Originally published by 2 Minute Medicine® (view original article). Reused on AccessMedicine with permission.

1. Incidence of intracerebral hemorrhage in older patients has increased since 1948.

2. Hypertension and statin use are both associated with intracerebral hemorrhage.

Evidence Rating Level: 3 (Average)

Study Rundown:

Of all stroke types, intracerebral hemorrhage (ICH) possesses the highest mortality rate and is the greatest cause of disability. While stroke incidence has been reported to be decreasing over time, much of this can be attributed to a decrease in ischemic stroke rather than ICH events. Underlying pathophysiological mechanisms involved in ICH are non-uniform, such that deep and lobar brain regions suggest variable processes. Given that individuals older than 75 years may be at greater risk due to other comorbidities, further investigation into these factors may help to clarify ICH incidence and identify those at greatest risk.

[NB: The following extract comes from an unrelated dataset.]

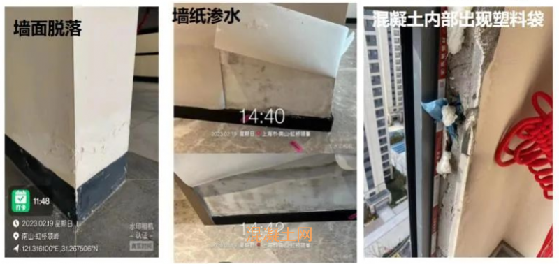 据购房者孟晓倩反映,上海嘉定区开发的南山虹桥领峯实际交付时存在明显“货不对板”:外立面施工凹凸不平,楼梯间漏水,墙体的混凝土里疑似掺杂了塑料袋。业主们多次投诉后,开发商同意进行整改,但整改工程却迟迟不见推进。

This case-control study analyzed data from participants of the longitudinal community-based cohort Framingham Heart Study, a study that has been ongoing since 1948. It aimed to characterize ICH incidence rates, investigate temporal trends of these rates during a follow-up period of 60 years or more, and identify major risk factors for ICH based on brain region. Results suggested that older patients were at greatest risk of ICH and that the incidence rate has not decreased over time. Hypertension, statin use, and apolipoprotein E (APOE) ε4 homozygosity were also identified as major risk factors that were significantly associated with higher ICH risk. Findings re-emphasize the importance of controlling hypertension as a modifiable risk factor for cardiovascular events, and presents additional factors that may be used for risk stratification.

In-Depth [case-control study]:

This observational longitudinal nested case-control study included a total of 10,333 participants and their offspring from the Framingham Heart Study, all of whom had experienced a spontaneous ICH event based on pathologic testing or imaging.

Of the 10,333 individuals between 1948 and 2016, both original participants (n = 5,209; age range 28 to 62 years) and their offspring (n – 5,214; age range 5 to 70 years), 129 were identified with having experienced a primary incident of ICH. Following exclusions, 99 participants were separated into two case-control samples, stratified by the first ICH incident’s brain region (44 deep ICH, 55 lobar ICH). These individuals were matched by sex and age with a 1:4 ratio with 396 control participants without stroke history.

During a follow-up period of 68 years (301,282 person-years), 129 of the 10,333 participants (mean [SD] age = 77 [11] years; 55.8% female) experienced a primary ICH. The incidence rate was 43 cases per 100,000 person-years. While incidence rate increased over time, age-adjusted findings suggested a decrease between periods 2 (1987 to 1999) and 3 (2000 to 2016). Age stratification demonstrated a continuous increase in ICH incidence among those 75 years of age and older, up to 176 cases per 100,000 person-years in period 3. Period 3 also verified a 300% increase in anticoagulant use relative to period 2, with incidence of both deep and lobar ICH increasing during this time. Hypertension and statin use were significantly associated with deep ICH incidence (OR 4.07, 95% CI 1.16 to 14.21, p = 0.03). Lastly, high systolic blood pressure and APOE ε4 homozygosity were associated with lobar ICH incidence (OR 3.66, 95% CI 1.28 to 10.43, p = 0.02).